Classification of Disordered Residues in Intrinsically Disordered Proteins

Thesis Statement

It is a many-to-many problem for which we designed a neural network composed of Bidirectional ConvLSTM & effective skip connections to predict the chances of disorderness of each amino acid in a protein sequence.

Technologies:


Dataset

We used data provided by SPINE-D. They obtained 4229 non-redundant, high-resolution protein sequences from the Protein Data Bank (PDB) and Database of Protein Disorder (DisProt). These include 4157 X-ray crystallography structures (deposited to the PDB prior to August 05, 2003) and 72 fully-disordered proteins from DisProt v5.0. These chains were randomly split into a training set (Training) of 2700 chains, a validation set (Validation) of 300 chains, and a testing set (Test) of 1229 chains.

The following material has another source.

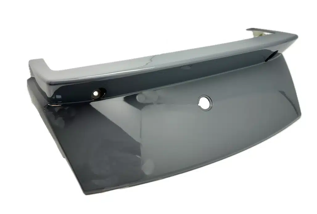 Blank gråt skjold, der sidder over baglygten og mellem blinklygter bagpå, hvori låsecylinderen til rummet under sædet sidder.
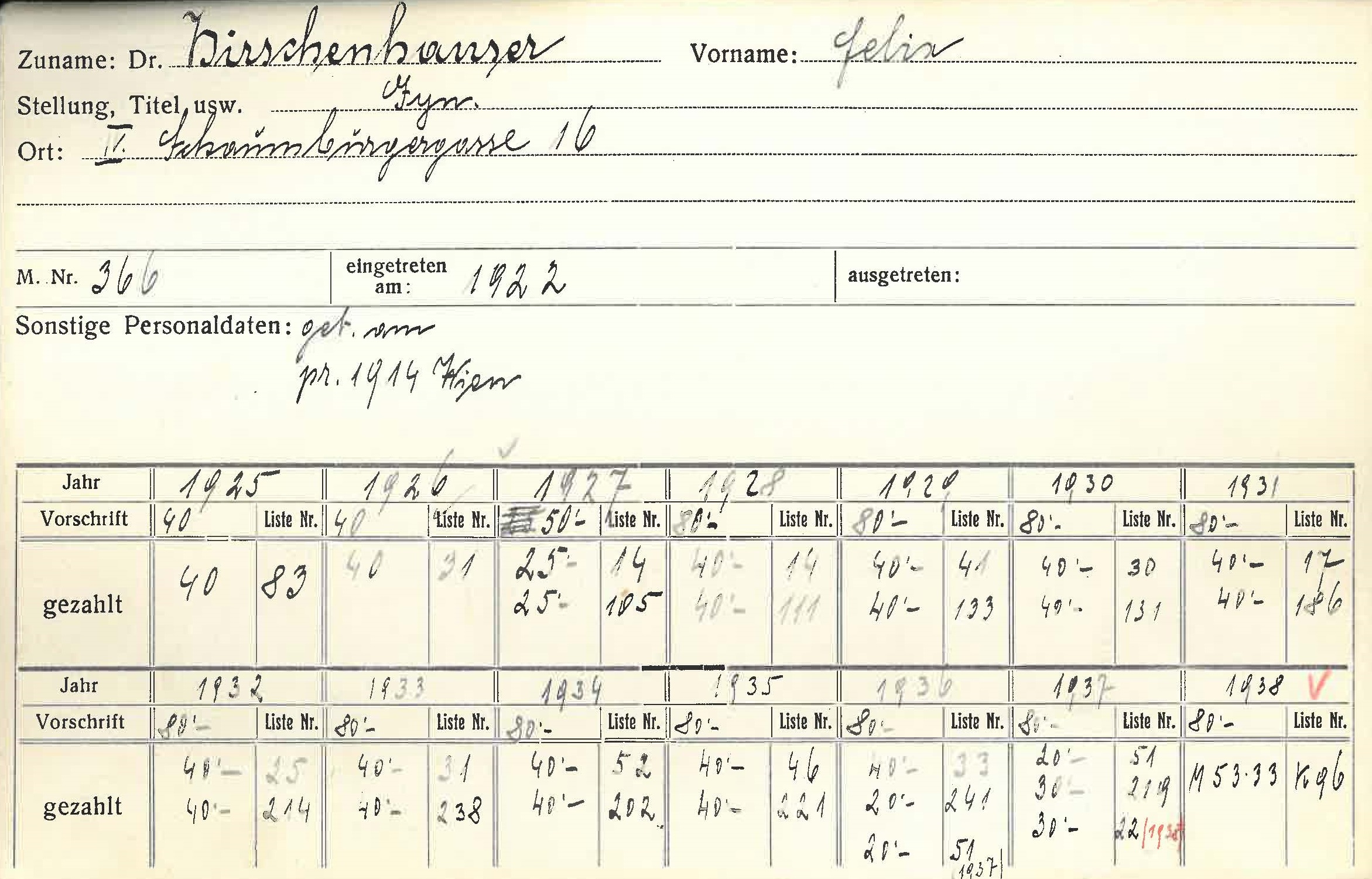 Felix Hirschenhauser gelang die Flucht in die USA, wo er am 1. November 1940 in New York verstarb.

Neural Network Architecture

The protein Sequence is fed into an embedding layer to get a continuous and meaningful representation of the protein. This meaningful representation goes into a sequence feature extraction block that tries to learn and map significant protein sequence features and condense all the relevant neighborhood relationships into a 512 vector for each amino acid. This vector which represents all meaningful information about the protein sequence for this particular amino acid is used to classify the residue as either ordered or disordered. The feature extractor consists of a series of modified Bi-directional ConvLSTM blocks with efficient use of skip connections for better feature reuse and robust feature representation. It is followed by a Time Distributed Dense Block which distills the features to classify each amino acid residue as disordered or ordered. We also used a customized loss function to address the imbalance between ordered and disordered amino acids.